I had this question that I was struggling to come up with an example for (there may not be an example, in which case why?):
Give an example of a nonempty finite set which is neither open nor closed?
I can come up with examples for infinite sets, but I wasn't sure about finite sets. I know that a closed set can be infinite or finite (e.g. the integers), but what about open sets? Must they be always infinite?
Thanks in advance for all your help! I really appreciate it!
Best Answer
In most applications, topological spaces are assumed to be Hausdorff ($T_2$), i.e. that any two distinct points have disjoint neighbourhoods. This is true among others for metric spaces, like the real numbers, and it immediately implies the $T_1$ condition which says that for any pair of distinct points, each has a neighbourhood not containing the other, which is actually equivalent to saying that any singleton set is closed.
Now, finite unions of closed sets are closed, so if a topological space $X$ is $T_1$, then any finite set is closed. On the other hand, if a space is not $T_1$, then if you take the pair of points witnessing that, i.e. $x,y\in X$ such that for any open $U\ni y$ we have $x\in U$, then the set $\{x\}$ will not be closed, an in fact any set containing $x$ but not containing $y$, finite or not, will not be closed.
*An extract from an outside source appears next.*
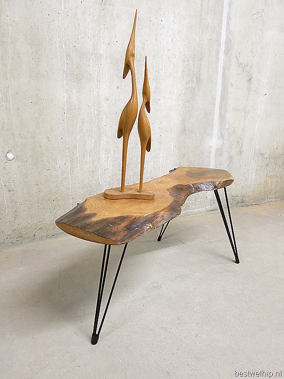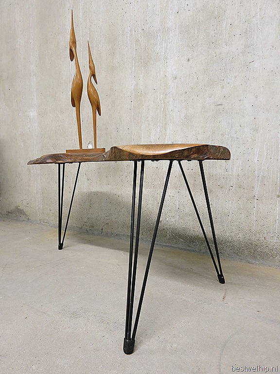Erg mooie vintage design boomstamtafel met zwart metalen draadpoten/ span poten. Een zeer mooi en stijlvol blad in zeer goede vintage conditie. Ideaal als salontafel en makkelijk om bij te zetten door zijn bescheiden afmetingen. Afmetingen: H46 x B96 x D39 cm, dikte tafelblad 4 cm. Bijzonder mooi te combineren in een modern interieur. Absoluut een sfeermaker in huis. Staat deze straks bij jou in de woonkamer te pronken? Prijs: verkocht

In particular, any finite set which is not open and does not contain $y$ is neither open nor closed.
For example, any nonempty finite subset of an infinite space with trivial topology is neither open nor closed.
Note that even if a space is not $T_1$, it can still be the case that every finite set is either open or closed, for example if you take $X=\{x,y\}$ with open sets $\emptyset,X,\{x\}$, then $\{y\}$ is closed and all other subsets of $X$ are open.